**To do**
In the entries below, find the line with "A staff member", then set it down exactly along with each line after it to the end, skipping any pictures.

(Stored data entries)
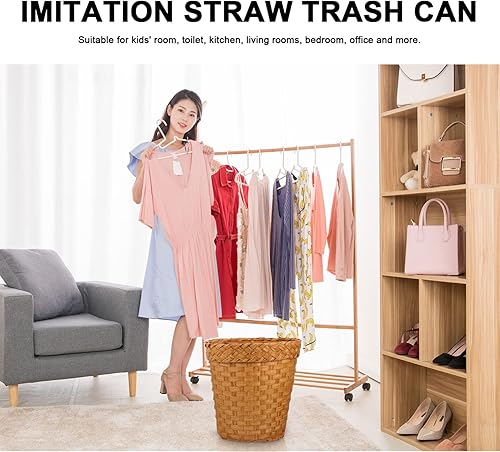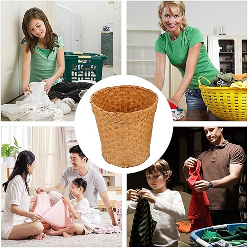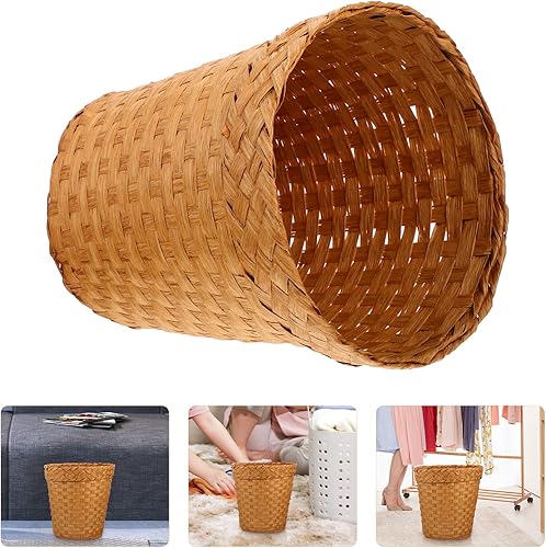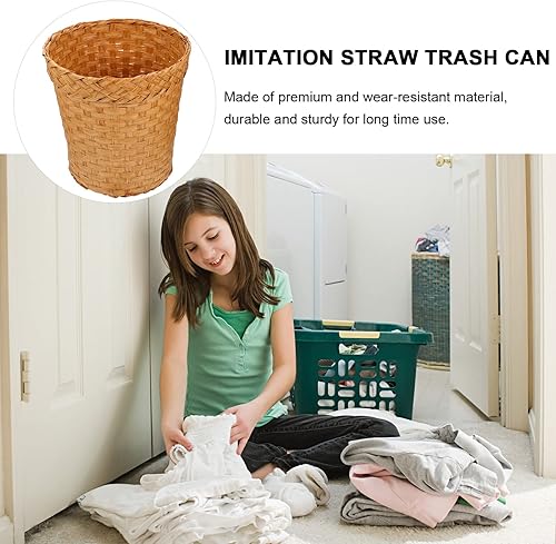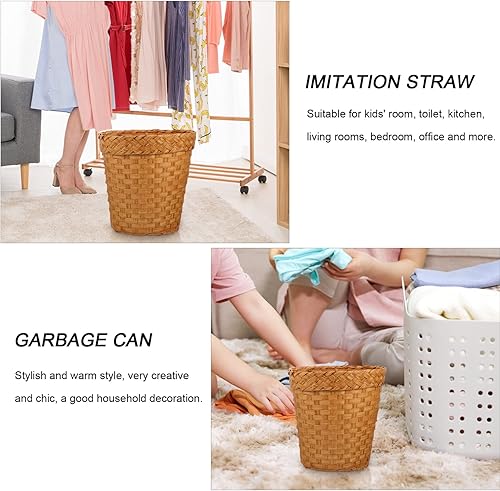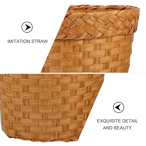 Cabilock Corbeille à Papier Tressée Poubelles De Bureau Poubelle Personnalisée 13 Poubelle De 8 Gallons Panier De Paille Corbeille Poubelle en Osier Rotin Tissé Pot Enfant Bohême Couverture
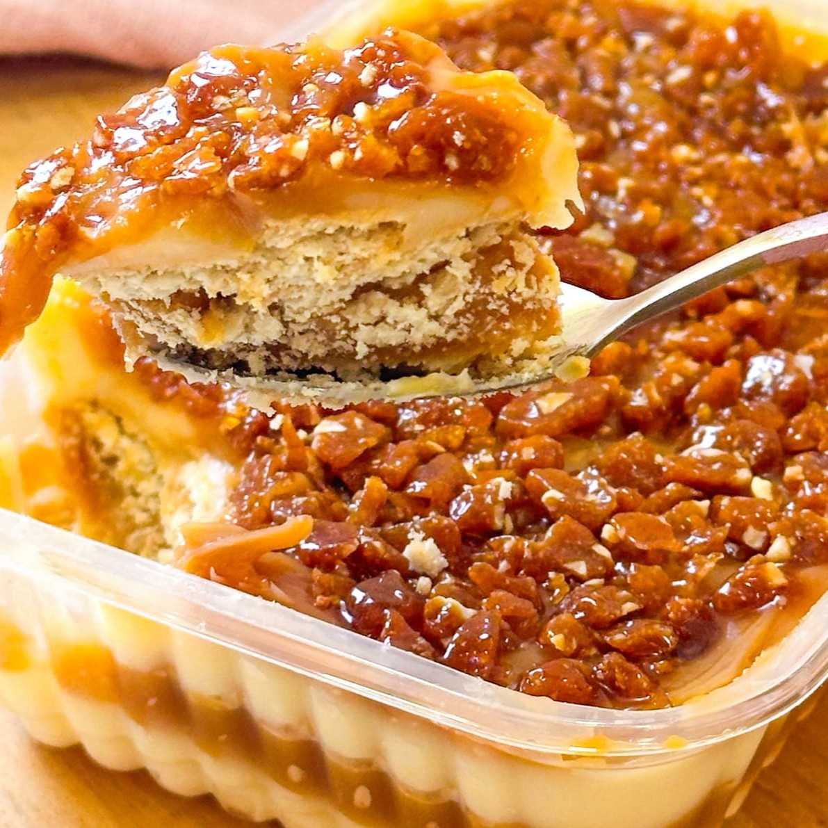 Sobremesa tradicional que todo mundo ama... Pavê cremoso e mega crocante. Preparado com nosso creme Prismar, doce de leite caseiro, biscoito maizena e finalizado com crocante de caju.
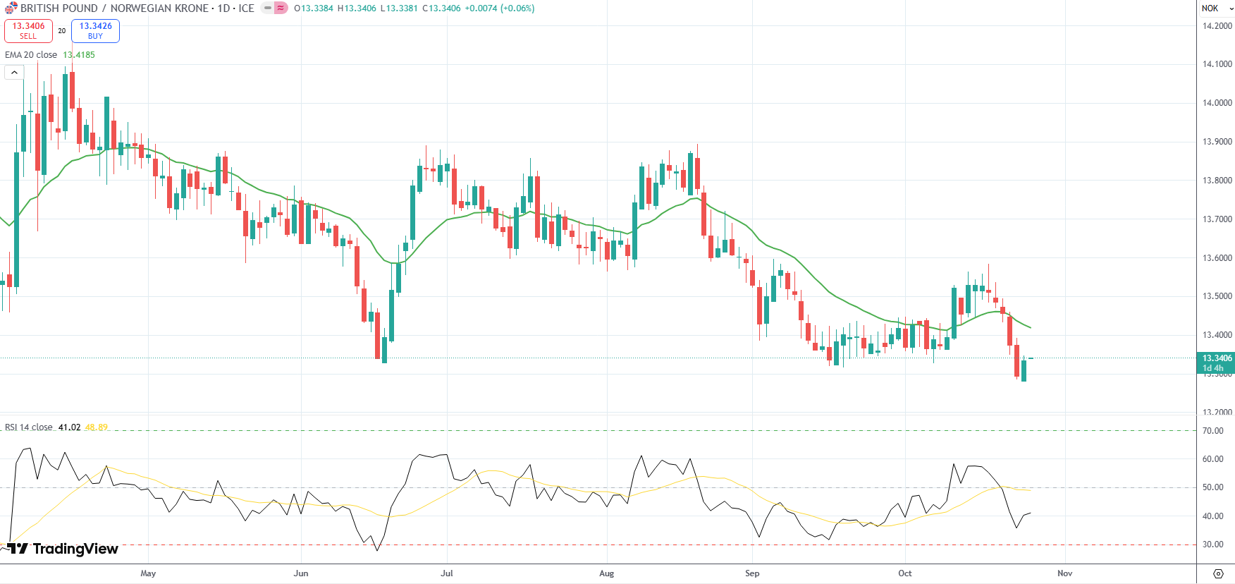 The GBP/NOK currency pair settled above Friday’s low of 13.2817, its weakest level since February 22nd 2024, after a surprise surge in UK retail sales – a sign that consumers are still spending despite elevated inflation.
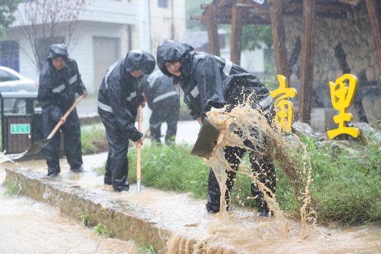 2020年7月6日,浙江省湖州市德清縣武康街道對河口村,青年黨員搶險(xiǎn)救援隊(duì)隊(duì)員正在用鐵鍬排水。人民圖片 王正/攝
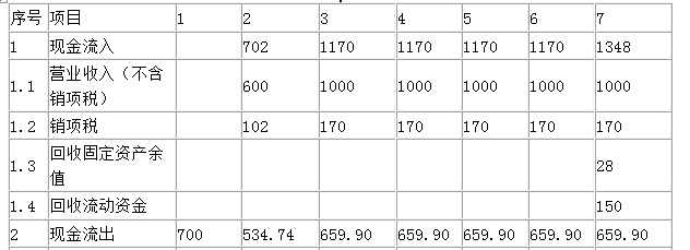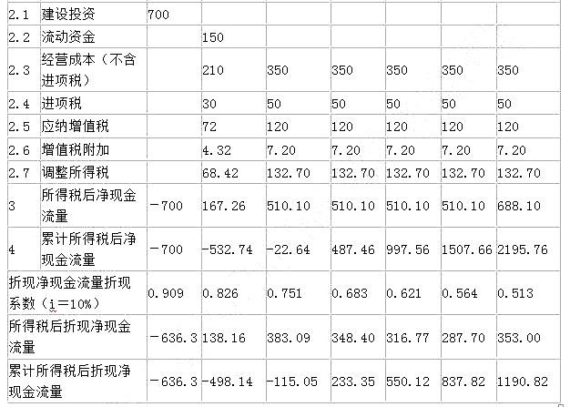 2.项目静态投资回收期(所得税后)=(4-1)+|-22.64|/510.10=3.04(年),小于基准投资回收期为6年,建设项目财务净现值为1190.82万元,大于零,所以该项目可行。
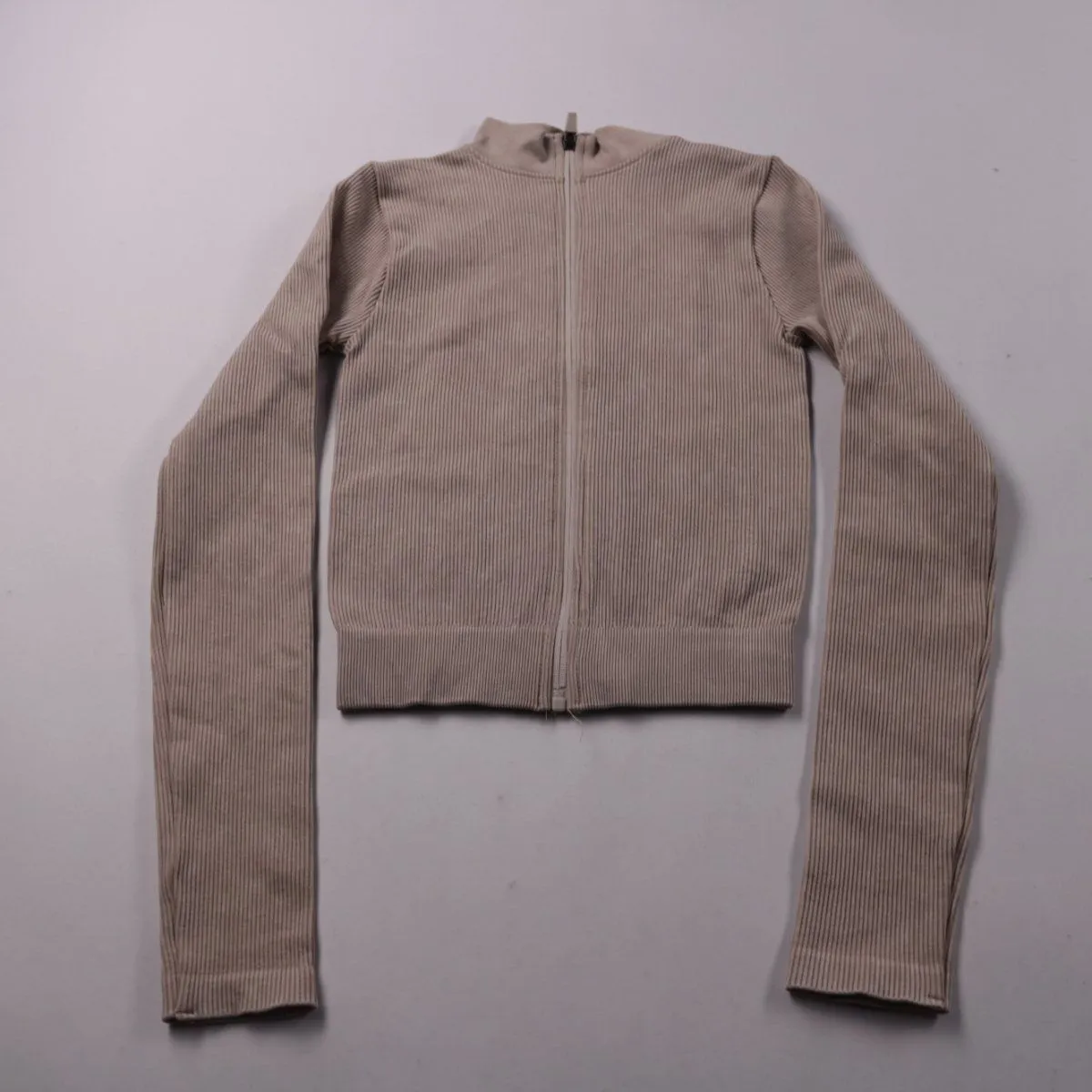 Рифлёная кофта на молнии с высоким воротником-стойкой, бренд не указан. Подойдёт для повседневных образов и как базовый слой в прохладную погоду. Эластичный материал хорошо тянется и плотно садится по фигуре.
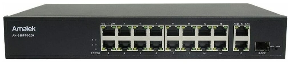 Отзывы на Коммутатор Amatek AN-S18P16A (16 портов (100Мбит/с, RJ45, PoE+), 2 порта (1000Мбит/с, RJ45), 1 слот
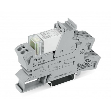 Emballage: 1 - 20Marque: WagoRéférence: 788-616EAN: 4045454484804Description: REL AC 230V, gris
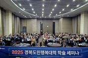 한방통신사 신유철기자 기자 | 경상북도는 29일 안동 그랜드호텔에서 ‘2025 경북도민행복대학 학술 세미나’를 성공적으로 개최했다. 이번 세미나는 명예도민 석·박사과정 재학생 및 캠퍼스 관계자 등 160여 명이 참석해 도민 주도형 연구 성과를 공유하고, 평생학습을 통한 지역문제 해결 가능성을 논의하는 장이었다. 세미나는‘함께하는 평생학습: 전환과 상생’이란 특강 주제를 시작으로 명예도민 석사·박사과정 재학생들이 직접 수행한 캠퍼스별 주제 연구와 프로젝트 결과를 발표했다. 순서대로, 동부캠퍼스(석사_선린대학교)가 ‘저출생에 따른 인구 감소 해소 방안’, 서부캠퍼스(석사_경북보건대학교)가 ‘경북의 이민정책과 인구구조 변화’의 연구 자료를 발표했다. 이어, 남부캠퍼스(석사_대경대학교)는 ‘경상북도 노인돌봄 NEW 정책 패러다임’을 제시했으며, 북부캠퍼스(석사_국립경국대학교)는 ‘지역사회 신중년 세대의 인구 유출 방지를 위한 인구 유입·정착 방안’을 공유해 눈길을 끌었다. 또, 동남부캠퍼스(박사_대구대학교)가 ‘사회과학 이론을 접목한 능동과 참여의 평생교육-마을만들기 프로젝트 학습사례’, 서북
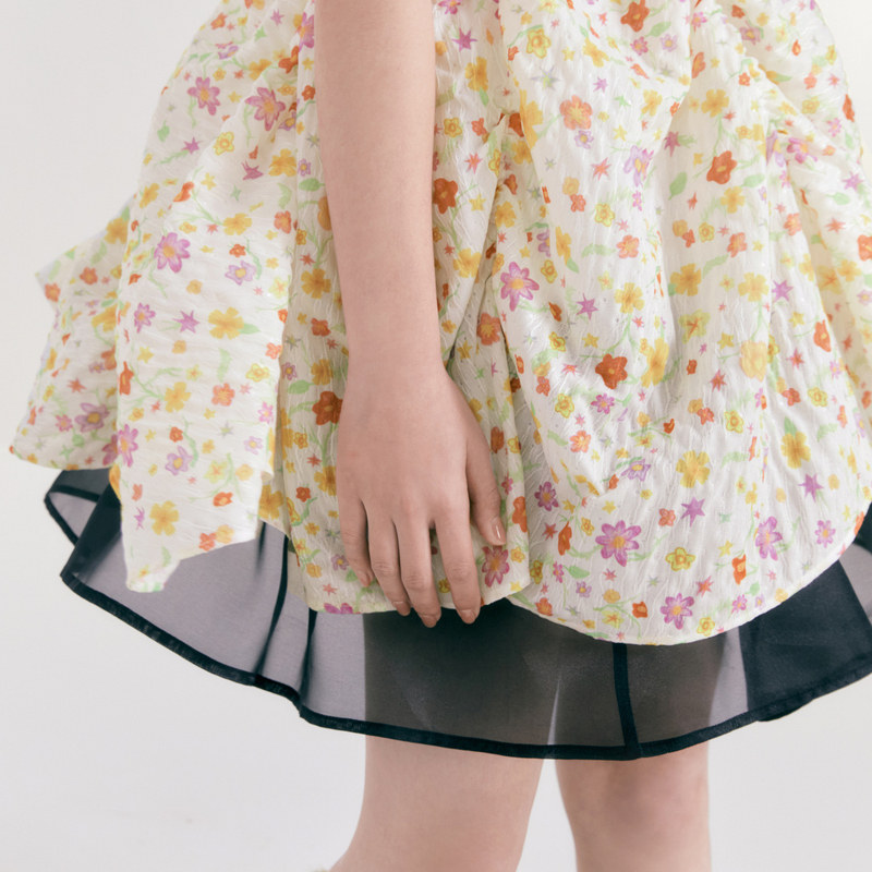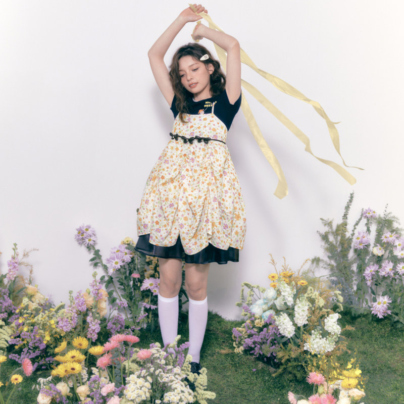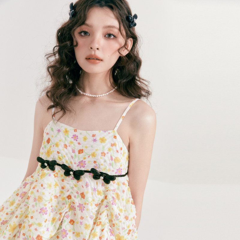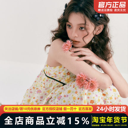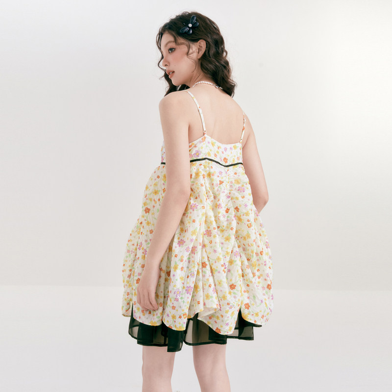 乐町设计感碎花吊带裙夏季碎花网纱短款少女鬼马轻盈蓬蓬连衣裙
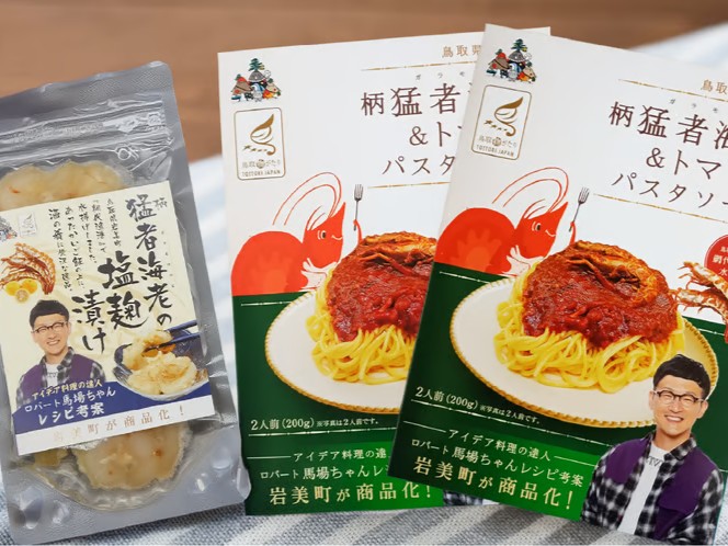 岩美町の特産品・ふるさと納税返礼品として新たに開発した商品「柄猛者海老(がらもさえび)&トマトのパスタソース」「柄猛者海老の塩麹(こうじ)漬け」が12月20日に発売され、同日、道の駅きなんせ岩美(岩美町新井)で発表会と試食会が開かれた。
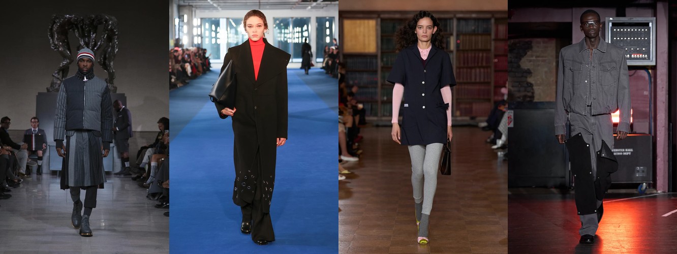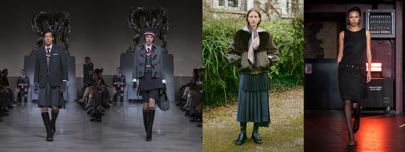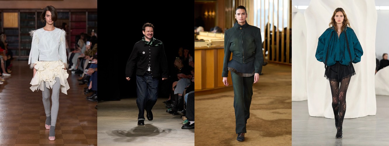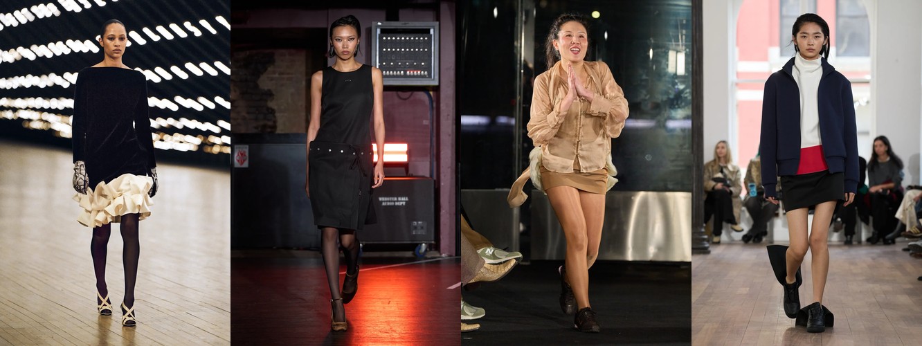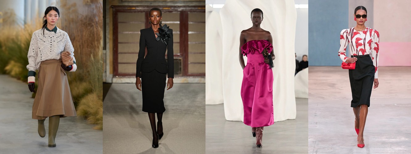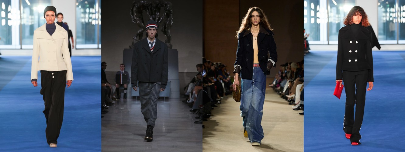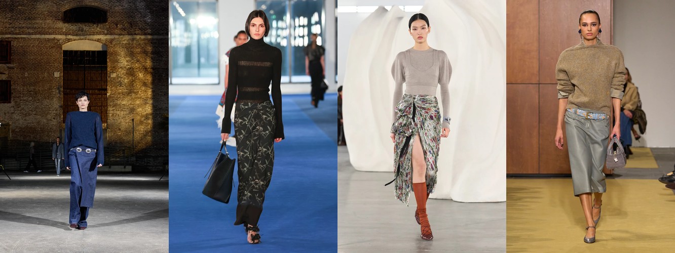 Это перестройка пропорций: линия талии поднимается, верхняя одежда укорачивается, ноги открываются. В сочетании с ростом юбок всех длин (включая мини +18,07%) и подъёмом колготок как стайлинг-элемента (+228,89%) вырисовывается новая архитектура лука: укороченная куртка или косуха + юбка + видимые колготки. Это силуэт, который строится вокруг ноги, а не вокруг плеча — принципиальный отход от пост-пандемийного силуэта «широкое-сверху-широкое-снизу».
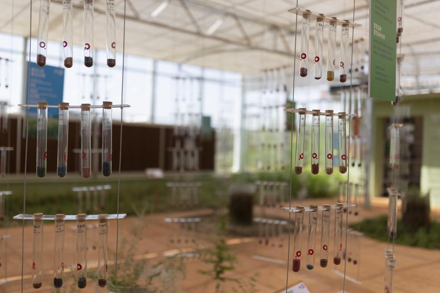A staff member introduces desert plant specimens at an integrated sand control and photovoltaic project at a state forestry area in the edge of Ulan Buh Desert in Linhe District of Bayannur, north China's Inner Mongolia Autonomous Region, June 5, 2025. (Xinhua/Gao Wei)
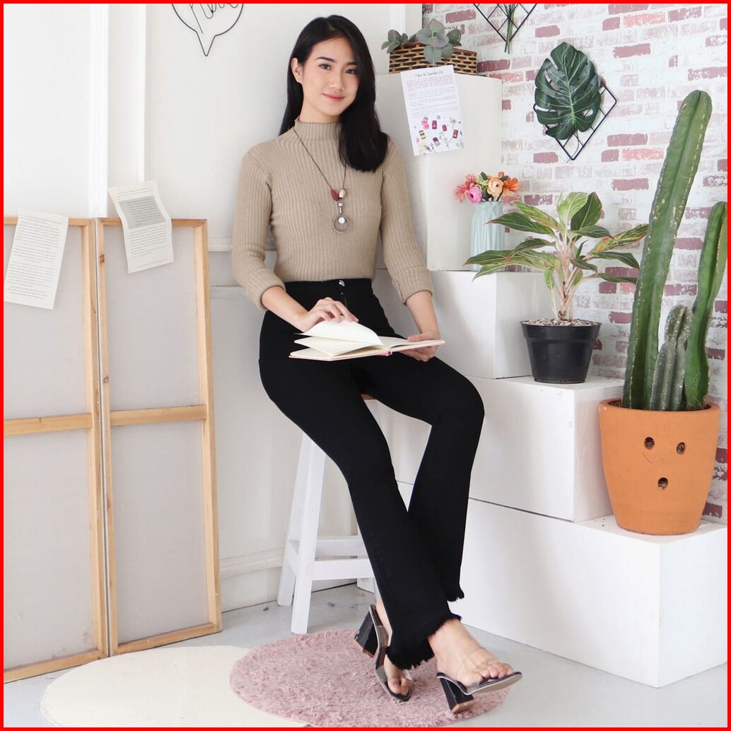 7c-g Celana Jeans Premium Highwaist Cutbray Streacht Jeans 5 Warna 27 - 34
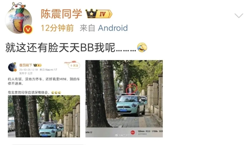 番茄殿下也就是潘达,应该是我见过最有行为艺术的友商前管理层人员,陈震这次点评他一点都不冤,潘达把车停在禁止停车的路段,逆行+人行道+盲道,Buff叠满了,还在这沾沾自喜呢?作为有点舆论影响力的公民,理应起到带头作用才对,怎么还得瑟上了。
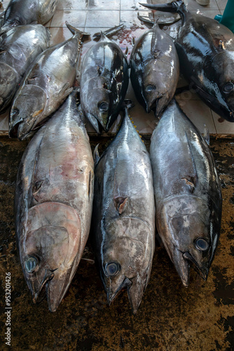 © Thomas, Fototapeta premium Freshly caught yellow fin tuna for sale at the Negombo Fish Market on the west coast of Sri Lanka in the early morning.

**Expected output**
A staff member introduces desert plant specimens at an integrated sand control and photovoltaic project at a state forestry area in the edge of Ulan Buh Desert in Linhe District of Bayannur, north China's Inner Mongolia Autonomous Region, June 5, 2025. (Xinhua/Gao Wei)
 7c-g Celana Jeans Premium Highwaist Cutbray Streacht Jeans 5 Warna 27 - 34
 番茄殿下也就是潘达,应该是我见过最有行为艺术的友商前管理层人员,陈震这次点评他一点都不冤,潘达把车停在禁止停车的路段,逆行+人行道+盲道,Buff叠满了,还在这沾沾自喜呢?作为有点舆论影响力的公民,理应起到带头作用才对,怎么还得瑟上了。
 © Thomas, Fototapeta premium Freshly caught yellow fin tuna for sale at the Negombo Fish Market on the west coast of Sri Lanka in the early morning.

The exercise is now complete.